- [INPUT DATA]:
[Start of Attachment]

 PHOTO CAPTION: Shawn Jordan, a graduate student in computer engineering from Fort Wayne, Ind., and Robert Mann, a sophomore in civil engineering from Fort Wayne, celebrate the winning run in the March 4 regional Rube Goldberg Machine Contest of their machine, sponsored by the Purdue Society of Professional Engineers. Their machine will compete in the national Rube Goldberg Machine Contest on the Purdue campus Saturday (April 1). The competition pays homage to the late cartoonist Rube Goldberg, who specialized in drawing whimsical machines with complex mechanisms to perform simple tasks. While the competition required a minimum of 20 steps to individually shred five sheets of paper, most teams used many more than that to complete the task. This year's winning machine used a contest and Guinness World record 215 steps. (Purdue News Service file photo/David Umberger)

[End of Attachment]
[Start of Attachment]

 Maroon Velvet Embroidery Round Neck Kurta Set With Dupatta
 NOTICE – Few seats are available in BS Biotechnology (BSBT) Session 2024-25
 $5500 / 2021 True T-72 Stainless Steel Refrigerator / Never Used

[End of Attachment]
[Start of Attachment]

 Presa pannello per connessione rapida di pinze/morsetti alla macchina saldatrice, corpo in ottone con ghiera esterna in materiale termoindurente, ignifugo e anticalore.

[End of Attachment]

- [EXERCISE DETAILS]:
Of all the entries above, repeat only the lines from the line that has "NOTICE – Few" to the line that has "Refrigerator / Never Used", both lines included, exactly.

- [OUTPUT BELOW]:
 NOTICE – Few seats are available in BS Biotechnology (BSBT) Session 2024-25
 $5500 / 2021 True T-72 Stainless Steel Refrigerator / Never Used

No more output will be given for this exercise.